- EXERCISE DESCRIPTION -
Restate the data below word for word. Skip any images it contains.

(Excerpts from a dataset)
###

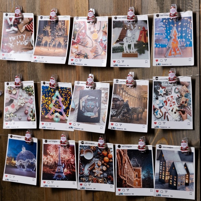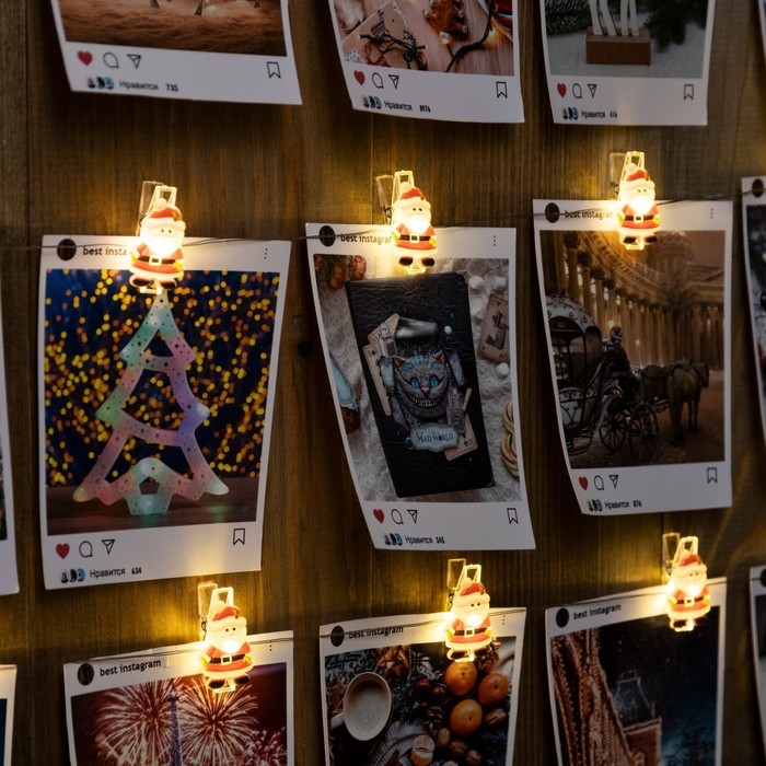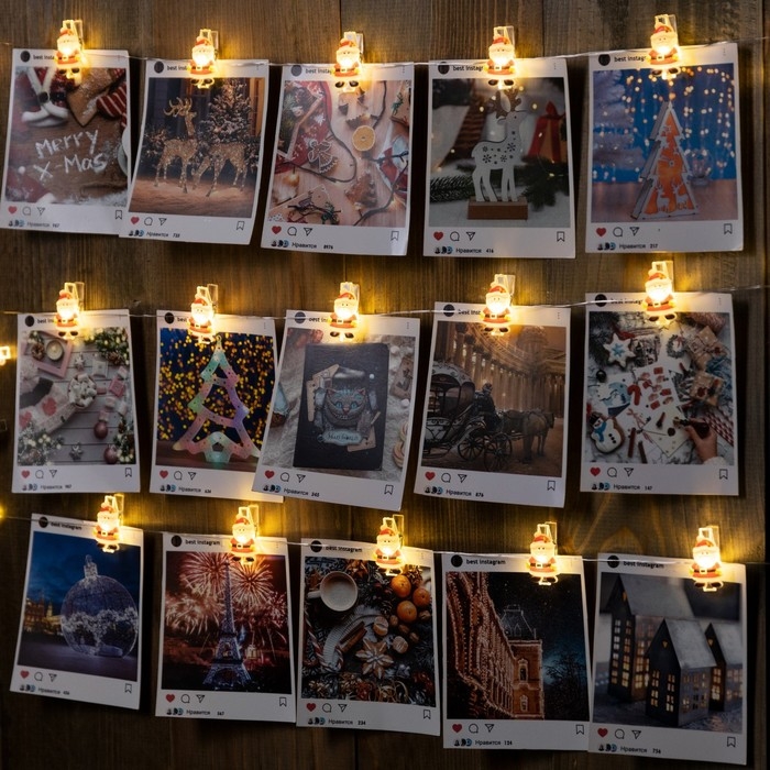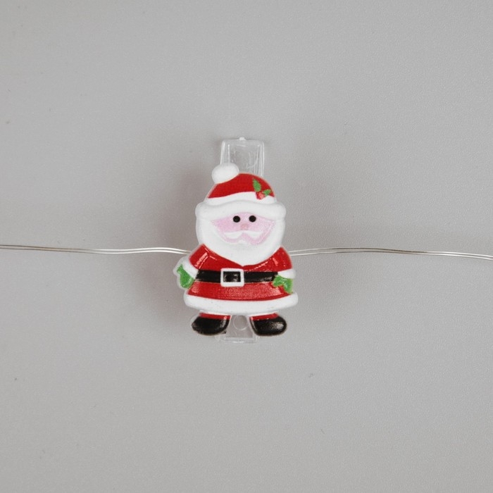 Гирлянда «Нить» 2 м роса с насадками «Прищепки с Дедом Морозом», IP20, серебристая нить, 20 LED, батарейки ААх2 (нет в комплекте), свечение тёплое белое
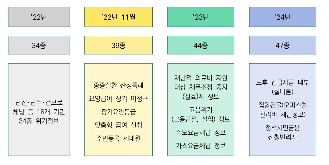 (그림: 2026 찾아가는보건복지 서비스안내 p.9 => 복지 사각지대에 놓인 위기가구 발굴을 위해 질병・채무・고용・체납 등 의심가구 위기정보를 ‘복지사각지대 발굴시스템’에 연계 확대)
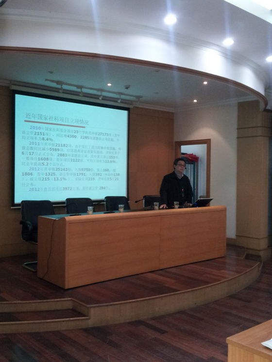 王克非教授是教育部人文社科项目和国家社科基金项目评审专家,在科研项目的设计和申请方面具有丰富经验。王教授首先和大家分享了自己的项目申报经历,特别指出科研项目的成功立项往往并不是一次就能成功的,需要“机遇加坚持”,尤其是后者,只有把自己的研究做好了,才能有所积累,也才有成功的希望。王教授鼓励在座的青年学者要能潜心做学问,加强研究基础,同时要善于向前辈、同行求教,听取他人意见,从而不断完善自己的项目申请书。在讲座中,王教授还对目前国内主要人文社科项目的特点以及申请和评审流程做了概括,并着重介绍了近几年来语言学的立项情况。最后,他就科研项目的申请要点进行了重点分析,他认为选题至关重要,好的选题体现了申请人的学术视野,反映了本学科的前沿研究领域,能够迅速吸引评审专家的注意力。其次是做好论证,因为好的题目需要进行有效的论证以及相关研究基础。
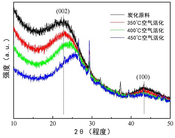 圖3顯示了空氣氧化之前和之后活性炭的XRD圖譜。所有樣品在~24°處顯示典型的寬峰,在~43°處顯示弱峰,分別對應(yīng)于石墨碳的(002)和(100)平面。所有樣品的寬峰和弱峰反映了活性炭的低度石墨化。與炭化原材料相比,隨著氧化溫度的升高,(002)峰逐漸向較高角度移動(dòng)。該運(yùn)動(dòng)表明空氣氧化后石墨結(jié)構(gòu)中(002)晶面的d-空間減小。結(jié)果表明,活性炭的空氣活化導(dǎo)致石墨結(jié)構(gòu)具有改善的致密性。
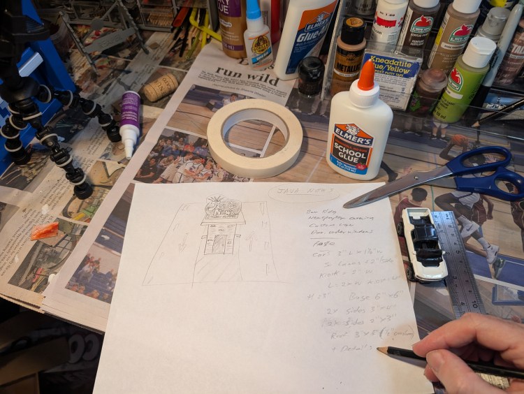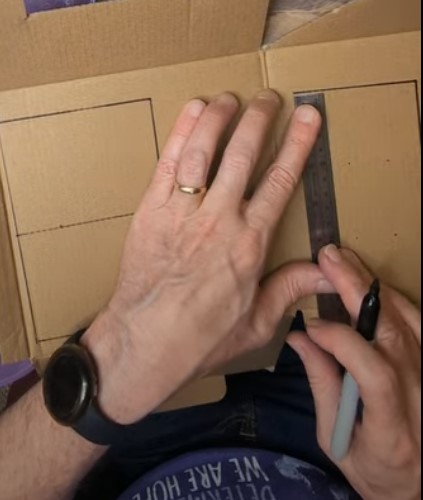 Use a ruler and marker. The square corner of a ruler gives you helpful right angles. A Hummer Hot Wheels Car measures 3” long x 1.5” wide, so we need 2” wide lanes. Espresso kiosks are about a lane wide also, so make a 6” square base divided into 3 lanes 2” wide.  Mark 2 sides 3” x 4”, 2 sides 2” x 3” and a roof 3” x 5”.
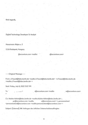 Kind regards, Digital Technology Developer Sr Analyst Hauszmann Alajos u. 2 1116 Budapest, Hungary @accenture.com <mailto: " )(S)accenture.com> ...... Original Message...... From: J.Freund@labo.berlin.de <mailto:J.Freund@labo.berlin.de> <J.Freund@labo.berlin.de <mailto:J.Freund@labo.berlin.de> > Sent: Friday, July 8, 2022 3:07 PM . To; ' , ....... < s@accenture.com <mailto 2s@accenture.cpm> > • ' , • . ' Cc: Autista-Admin@labo.berlin.de <mailto:Autista-Admin@labo.berlin.de>; : , jer@accenture.com <mailto 5r@accenture.com> >; Personenstand <personenstand@accenture.com <mäilto;personenstand@accenture.com> > ■ ' Subject: [External] AW: Anfragen des örtlichen Datenschutzbeauftragten ' io

###

- REPLY TO THE TASK -
 Гирлянда «Нить» 2 м роса с насадками «Прищепки с Дедом Морозом», IP20, серебристая нить, 20 LED, батарейки ААх2 (нет в комплекте), свечение тёплое белое
 (그림: 2026 찾아가는보건복지 서비스안내 p.9 => 복지 사각지대에 놓인 위기가구 발굴을 위해 질병・채무・고용・체납 등 의심가구 위기정보를 ‘복지사각지대 발굴시스템’에 연계 확대)
 王克非教授是教育部人文社科项目和国家社科基金项目评审专家,在科研项目的设计和申请方面具有丰富经验。王教授首先和大家分享了自己的项目申报经历,特别指出科研项目的成功立项往往并不是一次就能成功的,需要“机遇加坚持”,尤其是后者,只有把自己的研究做好了,才能有所积累,也才有成功的希望。王教授鼓励在座的青年学者要能潜心做学问,加强研究基础,同时要善于向前辈、同行求教,听取他人意见,从而不断完善自己的项目申请书。在讲座中,王教授还对目前国内主要人文社科项目的特点以及申请和评审流程做了概括,并着重介绍了近几年来语言学的立项情况。最后,他就科研项目的申请要点进行了重点分析,他认为选题至关重要,好的选题体现了申请人的学术视野,反映了本学科的前沿研究领域,能够迅速吸引评审专家的注意力。其次是做好论证,因为好的题目需要进行有效的论证以及相关研究基础。
 圖3顯示了空氣氧化之前和之后活性炭的XRD圖譜。所有樣品在~24°處顯示典型的寬峰,在~43°處顯示弱峰,分別對應(yīng)于石墨碳的(002)和(100)平面。所有樣品的寬峰和弱峰反映了活性炭的低度石墨化。與炭化原材料相比,隨著氧化溫度的升高,(002)峰逐漸向較高角度移動(dòng)。該運(yùn)動(dòng)表明空氣氧化后石墨結(jié)構(gòu)中(002)晶面的d-空間減小。結(jié)果表明,活性炭的空氣活化導(dǎo)致石墨結(jié)構(gòu)具有改善的致密性。
 Use a ruler and marker. The square corner of a ruler gives you helpful right angles. A Hummer Hot Wheels Car measures 3” long x 1.5” wide, so we need 2” wide lanes. Espresso kiosks are about a lane wide also, so make a 6” square base divided into 3 lanes 2” wide.  Mark 2 sides 3” x 4”, 2 sides 2” x 3” and a roof 3” x 5”.
 Kind regards, Digital Technology Developer Sr Analyst Hauszmann Alajos u. 2 1116 Budapest, Hungary @accenture.com <mailto: " )(S)accenture.com> ...... Original Message...... From: J.Freund@labo.berlin.de <mailto:J.Freund@labo.berlin.de> <J.Freund@labo.berlin.de <mailto:J.Freund@labo.berlin.de> > Sent: Friday, July 8, 2022 3:07 PM . To; ' , ....... < s@accenture.com <mailto 2s@accenture.cpm> > • ' , • . ' Cc: Autista-Admin@labo.berlin.de <mailto:Autista-Admin@labo.berlin.de>; : , jer@accenture.com <mailto 5r@accenture.com> >; Personenstand <personenstand@accenture.com <mäilto;personenstand@accenture.com> > ■ ' Subject: [External] AW: Anfragen des örtlichen Datenschutzbeauftragten ' io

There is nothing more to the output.